*To do*: Tell me how many lines in the entries below contain the word "stand"; reply with the number and nothing else.

*Listed records*:
━━━━━━

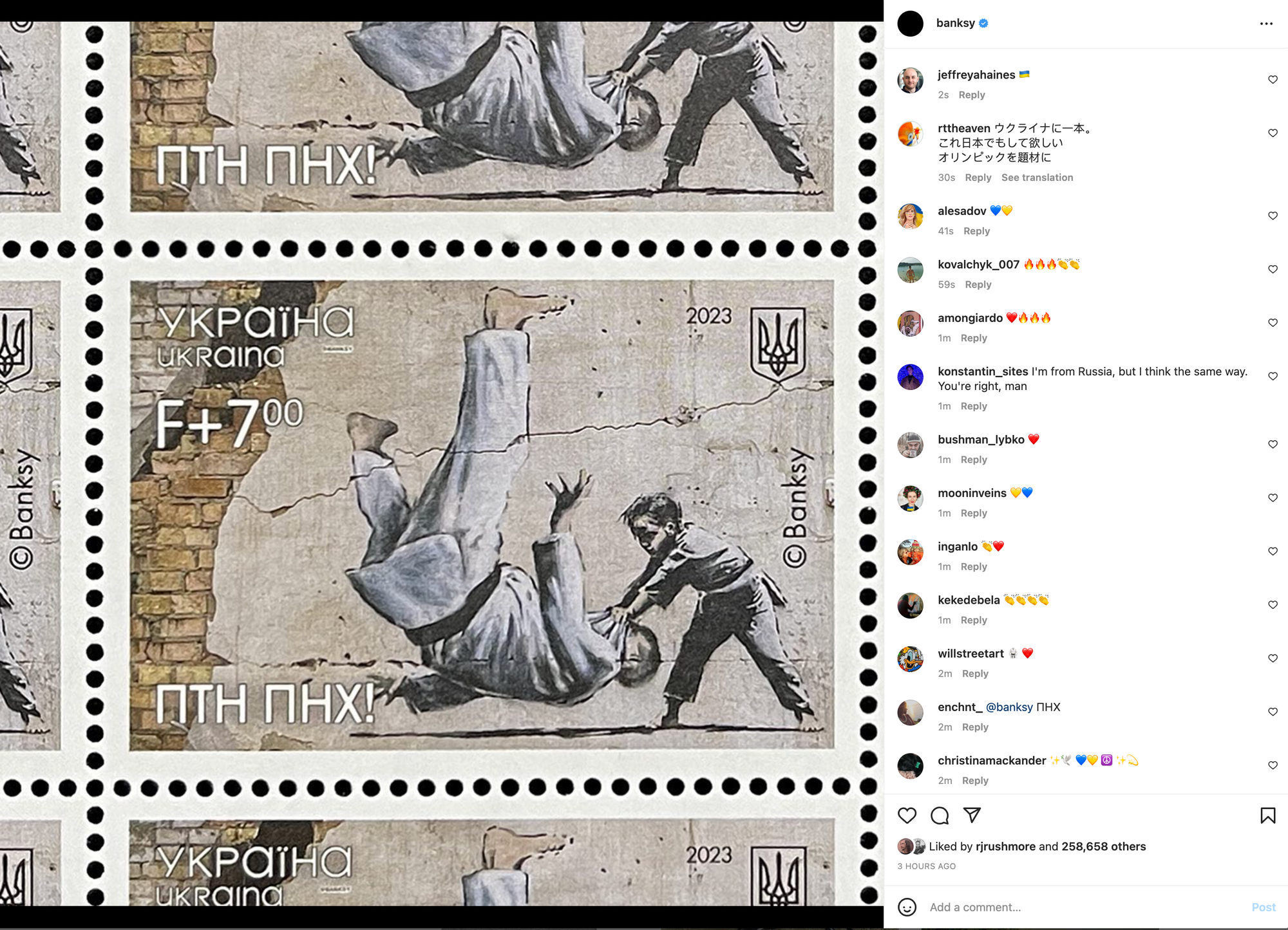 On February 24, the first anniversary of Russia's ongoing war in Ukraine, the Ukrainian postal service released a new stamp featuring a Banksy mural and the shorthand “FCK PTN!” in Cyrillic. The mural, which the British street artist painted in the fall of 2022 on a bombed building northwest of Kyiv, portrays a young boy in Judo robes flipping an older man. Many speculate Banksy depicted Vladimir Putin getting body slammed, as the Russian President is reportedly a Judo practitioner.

━━━━━━

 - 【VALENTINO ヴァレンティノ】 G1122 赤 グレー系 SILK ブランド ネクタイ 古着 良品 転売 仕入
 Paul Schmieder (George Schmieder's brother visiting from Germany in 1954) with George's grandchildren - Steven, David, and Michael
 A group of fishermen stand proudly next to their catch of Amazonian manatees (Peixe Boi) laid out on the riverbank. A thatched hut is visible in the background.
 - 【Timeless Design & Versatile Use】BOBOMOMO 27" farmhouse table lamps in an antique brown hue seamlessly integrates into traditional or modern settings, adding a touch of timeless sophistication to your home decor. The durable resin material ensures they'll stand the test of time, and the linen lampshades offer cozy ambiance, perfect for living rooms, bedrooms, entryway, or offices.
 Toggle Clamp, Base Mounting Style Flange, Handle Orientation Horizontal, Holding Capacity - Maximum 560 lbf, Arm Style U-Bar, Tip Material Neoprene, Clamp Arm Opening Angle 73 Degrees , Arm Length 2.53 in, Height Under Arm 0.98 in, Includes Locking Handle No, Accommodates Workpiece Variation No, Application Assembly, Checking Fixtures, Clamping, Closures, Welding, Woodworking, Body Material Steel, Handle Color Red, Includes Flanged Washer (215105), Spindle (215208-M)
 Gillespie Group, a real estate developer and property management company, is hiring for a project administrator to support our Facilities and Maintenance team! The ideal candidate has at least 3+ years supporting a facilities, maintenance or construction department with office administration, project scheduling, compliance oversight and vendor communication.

━━━━━━

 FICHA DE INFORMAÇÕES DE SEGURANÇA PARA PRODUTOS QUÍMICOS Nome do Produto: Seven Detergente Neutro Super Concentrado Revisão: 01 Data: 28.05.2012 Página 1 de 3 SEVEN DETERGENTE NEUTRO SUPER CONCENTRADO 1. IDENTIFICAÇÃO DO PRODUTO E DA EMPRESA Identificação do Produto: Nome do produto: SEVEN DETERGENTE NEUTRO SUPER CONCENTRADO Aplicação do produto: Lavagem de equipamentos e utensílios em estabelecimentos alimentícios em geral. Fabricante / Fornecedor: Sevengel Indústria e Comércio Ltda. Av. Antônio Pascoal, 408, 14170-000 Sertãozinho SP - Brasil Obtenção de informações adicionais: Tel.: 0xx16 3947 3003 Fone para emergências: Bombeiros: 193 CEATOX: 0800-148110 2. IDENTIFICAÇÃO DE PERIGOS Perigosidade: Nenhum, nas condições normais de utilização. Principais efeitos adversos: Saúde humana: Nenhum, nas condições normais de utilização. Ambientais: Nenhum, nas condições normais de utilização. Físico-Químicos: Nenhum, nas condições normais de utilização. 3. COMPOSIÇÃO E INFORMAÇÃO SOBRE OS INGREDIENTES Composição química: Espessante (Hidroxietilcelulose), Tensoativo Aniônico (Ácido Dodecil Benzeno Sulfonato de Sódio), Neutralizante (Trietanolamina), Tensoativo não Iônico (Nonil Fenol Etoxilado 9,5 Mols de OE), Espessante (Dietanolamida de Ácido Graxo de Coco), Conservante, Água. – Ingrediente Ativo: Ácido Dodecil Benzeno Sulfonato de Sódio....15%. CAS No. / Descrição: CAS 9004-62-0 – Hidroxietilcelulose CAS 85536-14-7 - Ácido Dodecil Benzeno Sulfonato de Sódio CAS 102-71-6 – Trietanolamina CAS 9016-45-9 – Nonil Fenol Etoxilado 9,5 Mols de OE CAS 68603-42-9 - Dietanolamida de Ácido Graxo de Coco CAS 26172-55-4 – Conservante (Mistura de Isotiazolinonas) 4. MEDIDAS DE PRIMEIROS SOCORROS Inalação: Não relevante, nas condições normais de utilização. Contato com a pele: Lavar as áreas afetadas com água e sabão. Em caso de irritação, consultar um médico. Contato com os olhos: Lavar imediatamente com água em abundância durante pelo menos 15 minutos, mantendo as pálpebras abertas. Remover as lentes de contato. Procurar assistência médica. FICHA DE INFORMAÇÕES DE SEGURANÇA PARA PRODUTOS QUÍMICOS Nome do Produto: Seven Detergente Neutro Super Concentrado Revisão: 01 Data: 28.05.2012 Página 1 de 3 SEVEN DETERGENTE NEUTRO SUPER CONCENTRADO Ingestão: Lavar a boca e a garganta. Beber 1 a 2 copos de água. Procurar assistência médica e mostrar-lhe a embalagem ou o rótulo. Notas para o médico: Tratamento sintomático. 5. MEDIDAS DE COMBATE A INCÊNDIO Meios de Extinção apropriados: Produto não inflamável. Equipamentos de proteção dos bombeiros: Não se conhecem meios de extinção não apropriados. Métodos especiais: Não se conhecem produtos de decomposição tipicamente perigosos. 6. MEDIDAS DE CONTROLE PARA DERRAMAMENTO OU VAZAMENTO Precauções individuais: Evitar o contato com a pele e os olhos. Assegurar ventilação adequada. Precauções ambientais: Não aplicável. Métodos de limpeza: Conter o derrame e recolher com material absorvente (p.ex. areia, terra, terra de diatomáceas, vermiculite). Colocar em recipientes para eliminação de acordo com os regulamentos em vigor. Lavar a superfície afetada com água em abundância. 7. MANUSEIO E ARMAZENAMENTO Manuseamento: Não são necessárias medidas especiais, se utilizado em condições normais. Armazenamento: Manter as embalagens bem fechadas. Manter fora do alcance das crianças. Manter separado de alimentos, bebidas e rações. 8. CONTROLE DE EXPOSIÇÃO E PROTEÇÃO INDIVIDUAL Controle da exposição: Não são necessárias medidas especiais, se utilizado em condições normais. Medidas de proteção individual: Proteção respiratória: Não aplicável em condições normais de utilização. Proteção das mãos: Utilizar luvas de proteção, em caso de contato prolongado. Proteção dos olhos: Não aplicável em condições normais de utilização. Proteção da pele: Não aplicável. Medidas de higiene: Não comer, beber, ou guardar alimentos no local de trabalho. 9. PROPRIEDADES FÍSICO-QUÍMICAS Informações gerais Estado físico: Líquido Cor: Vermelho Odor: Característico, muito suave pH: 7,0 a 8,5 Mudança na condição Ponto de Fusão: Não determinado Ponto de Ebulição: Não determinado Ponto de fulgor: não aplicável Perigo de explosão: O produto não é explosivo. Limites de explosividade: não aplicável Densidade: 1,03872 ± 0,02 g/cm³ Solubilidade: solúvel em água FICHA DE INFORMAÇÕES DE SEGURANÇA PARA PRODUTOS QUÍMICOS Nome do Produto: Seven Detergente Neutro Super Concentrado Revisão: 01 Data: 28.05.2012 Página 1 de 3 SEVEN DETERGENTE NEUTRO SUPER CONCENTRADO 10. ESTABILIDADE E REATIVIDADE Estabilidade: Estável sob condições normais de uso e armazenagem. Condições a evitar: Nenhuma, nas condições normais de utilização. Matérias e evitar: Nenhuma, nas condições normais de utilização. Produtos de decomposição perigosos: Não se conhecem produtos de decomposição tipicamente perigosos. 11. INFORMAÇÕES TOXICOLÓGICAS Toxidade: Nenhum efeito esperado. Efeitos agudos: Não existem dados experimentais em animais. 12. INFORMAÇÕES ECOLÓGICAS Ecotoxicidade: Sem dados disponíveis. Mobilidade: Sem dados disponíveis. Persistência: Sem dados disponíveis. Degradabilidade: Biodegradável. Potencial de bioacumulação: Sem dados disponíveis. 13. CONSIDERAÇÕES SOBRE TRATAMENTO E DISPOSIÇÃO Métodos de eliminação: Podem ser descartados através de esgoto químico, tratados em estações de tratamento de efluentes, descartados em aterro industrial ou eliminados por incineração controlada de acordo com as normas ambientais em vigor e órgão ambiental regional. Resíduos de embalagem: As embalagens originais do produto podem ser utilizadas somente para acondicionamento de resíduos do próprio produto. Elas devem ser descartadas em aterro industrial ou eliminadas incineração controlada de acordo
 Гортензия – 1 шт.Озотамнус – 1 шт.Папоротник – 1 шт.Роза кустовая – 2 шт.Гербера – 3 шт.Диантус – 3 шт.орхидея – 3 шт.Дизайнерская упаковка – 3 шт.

━━━━━━

*Written answer*: 2